Fast forward to being 14 years old, and I suddenly found myself with a summer job and a means to pay for that which I so desperately wanted. After a few weeks of working, I had enough saved up to purchase a prepaid Verizon phone and a $30 refill card. The plan was weird because it wasn't really a plan - when you purchase a refill card you could use it however you wanted to. Every service had a different price. A minute cost 10 cents, and a text message cost $0.25 per message sent/received. At first, it was easy to stay under this limit as I only had one or two friends who had cell phones anyway. I preferred voice calls because it was cheaper and it took less time to complete. You could have an entire conversation done and over with in two minutes, which cost me less than sending one text message. But as more friends started to get cell phones now that we were entering our first year of high school, it was becoming more evident by the day that my $30 plan wouldn't last me long; not surprisingly, 120 text messages just wasn't cutting it anymore. I needed a different plan.
I have to take a moment now to be thankful that prepaid carriers have since changed to work more like postpaid carriers when it comes to plans, because searching for a perfect new prepaid plan with an emphasis on text messaging was absolutely horrendous in 2005. I mean, Verizon was pretty bad at $0.25 at the time, but nothing else was really that much better. I found $0.20/message, $0.15/message, and finally the lowest I found was $0.10/message, so I went with that one. It worked a little better, but it was still a bummer because being 14 I couldn't sign up for a plan of my own for a few years. Yes, I was that friend that would tell people to call, not text, which was a real social downer at that point in time, but it was what it was. As it turned out, luck would fall upon me in the form of Cricket Wireless, which just so happened to be rolling out in my city.

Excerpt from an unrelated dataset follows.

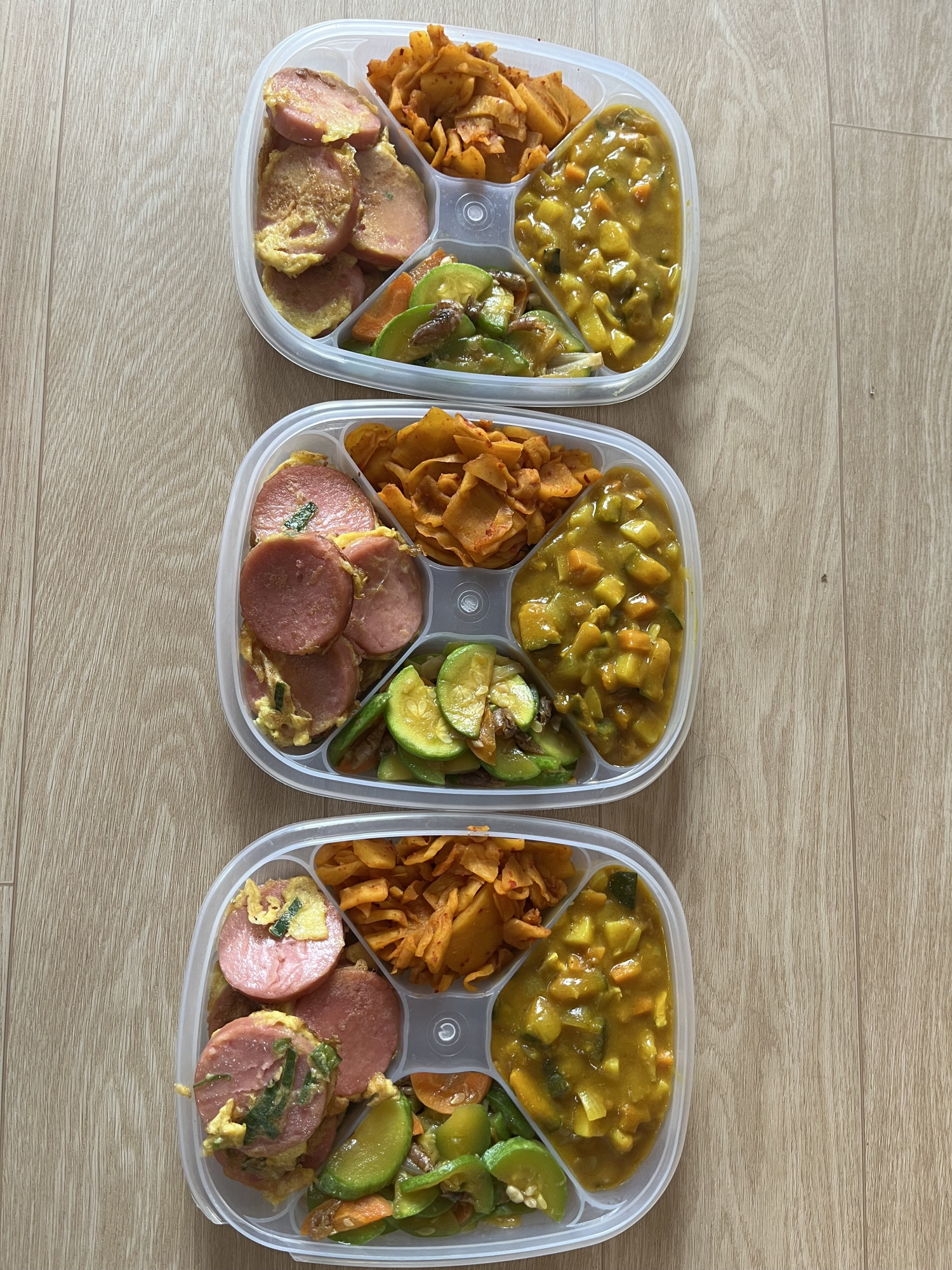 이번주 반찬은 카레, 제육볶음, 단무지무침, 소세지 부침입 니다

Cricket was my first taste of what mobile freedom was like. I was able to get unlimited everything at the time for 45 bucks a month. The only downside was that I could only use it in and immediately surrounding the Kansas City metro area, but being only 15 at the time I didn't do much traveling anyway. It worked out perfectly. It was perfect because not only was I now able to text as much as a budding social butterfly could, but I also had access to data now. I could download ringtones and browse Facebook, and... well, that was about all I used it for at the time. But the point here is that I could do it, and it was the start of a whole new world for me when it came to mobile usage. There was no turning back now.
I was actually still a rather heavy voice user, even when I unlimited access to all features of the phone. I would say I used all three pretty evenly, which was why it was such a perfect plan at the time. I was paying for exactly what I needed. It was perfect. But now when I reflect on my bill every month, I kind of cringe because it's not like that anymore. I have access not only to 500 minutes that go nearly unused every month, but also free nights and weekends and free mobile-to-mobile. Given that I hardly ever call landlines or businesses, or even go over 50 minutes a month, it seems like a waste of money. It is interesting, though; I never thought that I would want to almost completely get rid of the phone aspect of my phone. Eight years ago it was all I wanted a phone for, and here I am trying to get rid of as much of it as possible because as phones changed, so did my habits.
And how about you, readers? From the time that you first got a cell phone until now, how has your usage changed?